What you should do. Exactly reproduce the lines from the one holding "吃早餐是一种态度今日早餐:鸡" through the end of the records, including both boundary lines but no pictures.
*** Dataset extract Section Begins ***
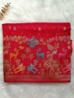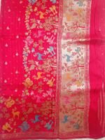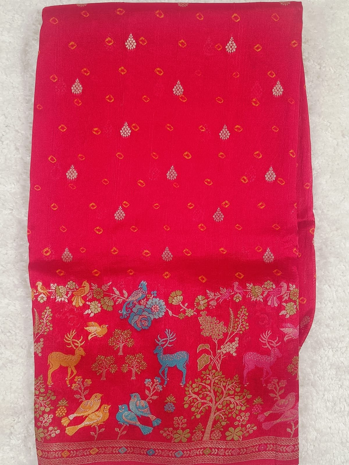 The highlight is its magnificent Shikargah border and pallu – an intricate woven panel depicting a lush forest scene with deer, peacocks, and parrots, brought to life in colorful Meenakari threadwork of green, yellow, pink, and blue. A shimmering metallic edge frames the pallu, giving it a regal finish.
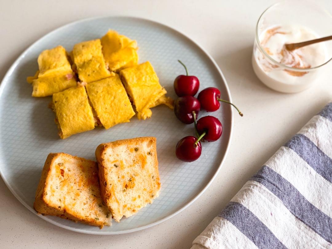 吃早餐是一种态度今日早餐:鸡蛋肉未肠粉,九节虾芦笋,酸甜可口罗宋汤,奶香蓝莓南瓜子焗荞麦馒头,油麦茶
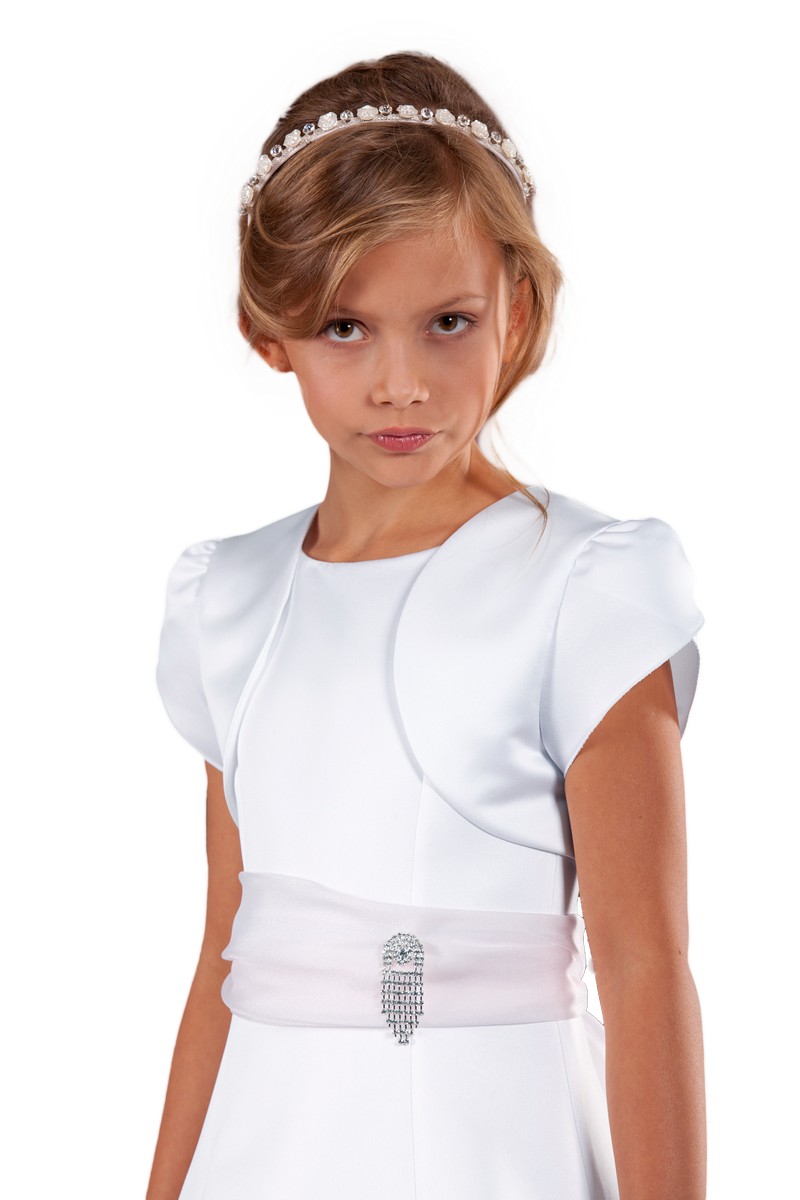 The sateen bolero with short sleeves, which we are offering you, is a completely modern and a new idea, for the first communion of your child.
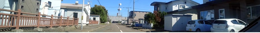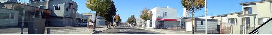 | 野付牛自動車学校前の南岸通りから教習コース側。正面奥は無加川の堤防、写真右奥が北見駅方向。 |
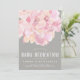 En söt och en modern flicka-inbjudan till engagemang i rosa, grått och vitt, med ett stort överdimensionerat blomklot för vattenfärger och ett stil-typsnitt med borstbokstäver. Baksidan är i fast rosa med en vit trellis mönster övertäckning.
*** Dataset extract Section Ends ***
Problem solution.
 吃早餐是一种态度今日早餐:鸡蛋肉未肠粉,九节虾芦笋,酸甜可口罗宋汤,奶香蓝莓南瓜子焗荞麦馒头,油麦茶
 The sateen bolero with short sleeves, which we are offering you, is a completely modern and a new idea, for the first communion of your child.
 | 野付牛自動車学校前の南岸通りから教習コース側。正面奥は無加川の堤防、写真右奥が北見駅方向。 |
 En söt och en modern flicka-inbjudan till engagemang i rosa, grått och vitt, med ett stort överdimensionerat blomklot för vattenfärger och ett stil-typsnitt med borstbokstäver. Baksidan är i fast rosa med en vit trellis mönster övertäckning.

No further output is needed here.